# Bin Charge Waiver - DCC



## om123 (14 May 2009)

Hi folks,

Was just onto revenue department with dublin city council over my bin charges. Basically I moved into my current house under the ras scheme in
jan 07 and asked the council to change bill to my name. They never did it and bill kept coming in landlords name. I should have sorted all of this out ages ago but kept putting it on the long finger. 

Anyway, eventually applied for my waiver a few months ago and wanted to get it backdated to when I moved in, got letter from social welfare saying what my earnings were, copy of lease agreement , etc.

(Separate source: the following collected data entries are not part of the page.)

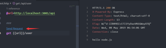 新建一个 test.http 文件测试接口,点击 Send Request 发送请求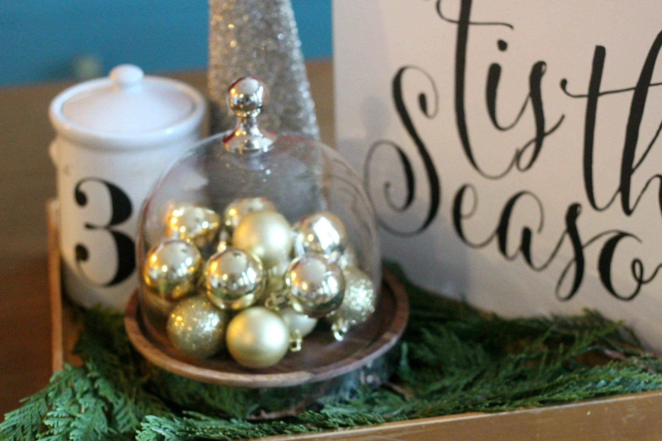 I was able to duplicate artwork for the chalkboard from an inspiration picture that my client sent me (see below). Most of the other accessories used were items that she already owned and leftovers from the rest of her Christmas decorating. Thankfully all the items went together perfectly and I was able to pull together some cute vignettes with them. The only things that I purchased to add was the fresh greenery, and glass cloche (which I added ornaments inside of). She had lots of cute little jars and bottles which I made a little more festive just by adding a couple sprigs of greenery inside. Since there's already some pops of color in this space, I loved having the mostly white + neutral Christmas decor in this area!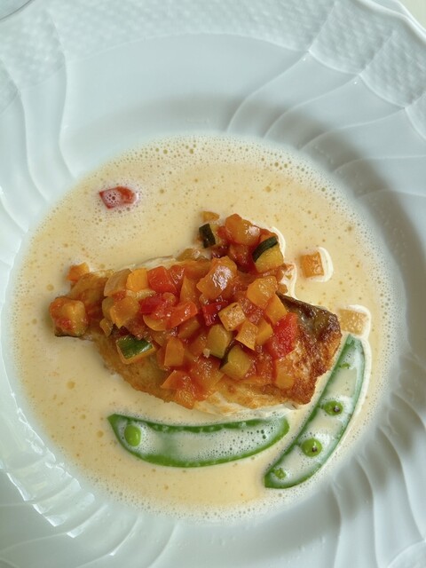 特にサラダと魚が抜群に美味しい。カリッと焼いた旬の魚と白ワインのソースが最高。

Today the bill came in landlords name again, so I gave them a call. 1st guy didn't seem to know much except he told me that a waiver had been passed for 2008, I asked about 2007 but he didn't know anything about that,then got onto proper office who told him they hadn't received a copy of the lease. 

He transferred me through to someone who seemed to be telling me I can't have bill in my name as I don't own the property and I am on RAS ? Has anyone heard of this  before? In my last rented property I had the bill in my name..
He told me a waiver of 243 euro was passed. I asked was this for 2008 and what about 2007 ?
He said it was for my whole time there and was getting a bit snotty, saying the rest of the bill was the landlords responsibility, not mine.
I tried to point out that if I was living there then it is my bill.

How could only 243 euro account for two years ? I have thrown out other bills so can't go over them -grr ! The outstanding amount is 380 euro

Can anyone let me know the price of bin lifts per lift , I think they have changed in the last 2 years,I am with Dublin City Council.
I really want to go over this properly as I think I am been given the run around , I really think the right hand does not know what the left is doing in that place.
I know partly my own fault for not sorting it sooner but it's really not fair that the landlord gets stuck with my bill if that's what it is.

If anyone has heard of them not letting bill name being changed can you let me know also ?

Thanks folks


----------



## om123 (14 May 2009)

Ok , just called them back to ask for a written statement that would have when bin charges where waived for, got a different guy, much more helpful and totally different story.

He says bin waiver was definitly for 2008 and I CAN change name on the bill !

What are those guys doing in there ?


----------